Problem: Starting from the line with "Add a touch" and going up to and including the line with "con representantes de", copy the listing below exactly. Leave all images out.

Source records:

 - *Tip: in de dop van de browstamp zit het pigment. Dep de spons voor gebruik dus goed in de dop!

--

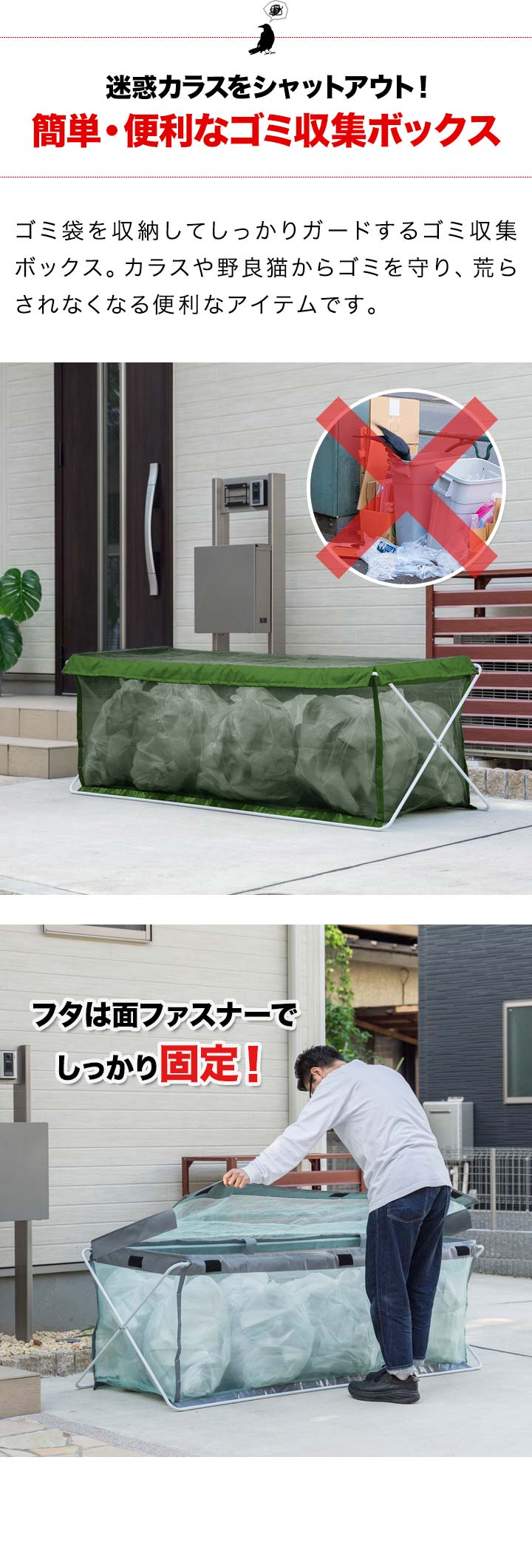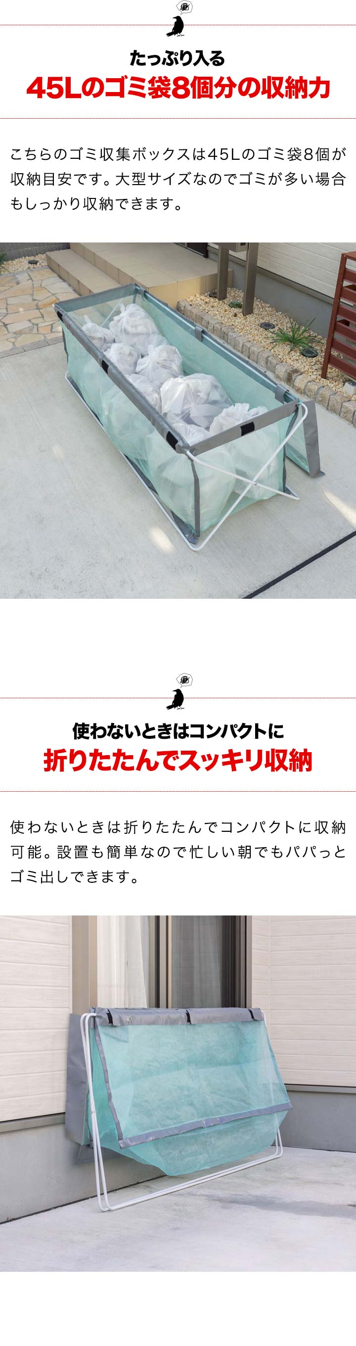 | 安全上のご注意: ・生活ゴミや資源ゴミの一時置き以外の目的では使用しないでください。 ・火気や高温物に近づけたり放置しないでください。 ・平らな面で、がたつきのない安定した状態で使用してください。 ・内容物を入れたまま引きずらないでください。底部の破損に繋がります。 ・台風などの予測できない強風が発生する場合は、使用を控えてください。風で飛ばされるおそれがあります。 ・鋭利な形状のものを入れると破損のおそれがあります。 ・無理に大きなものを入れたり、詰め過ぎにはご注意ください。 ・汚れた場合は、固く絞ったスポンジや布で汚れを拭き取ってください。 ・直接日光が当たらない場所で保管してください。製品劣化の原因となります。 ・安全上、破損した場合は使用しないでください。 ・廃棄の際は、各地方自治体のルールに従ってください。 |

...

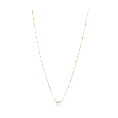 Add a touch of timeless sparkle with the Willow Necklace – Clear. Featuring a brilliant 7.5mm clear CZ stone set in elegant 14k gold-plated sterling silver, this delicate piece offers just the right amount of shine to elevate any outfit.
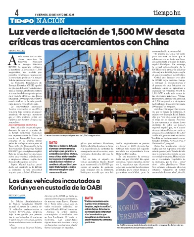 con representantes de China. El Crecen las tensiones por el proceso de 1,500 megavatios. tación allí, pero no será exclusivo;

Response area:
 Add a touch of timeless sparkle with the Willow Necklace – Clear. Featuring a brilliant 7.5mm clear CZ stone set in elegant 14k gold-plated sterling silver, this delicate piece offers just the right amount of shine to elevate any outfit.
 con representantes de China. El Crecen las tensiones por el proceso de 1,500 megavatios. tación allí, pero no será exclusivo;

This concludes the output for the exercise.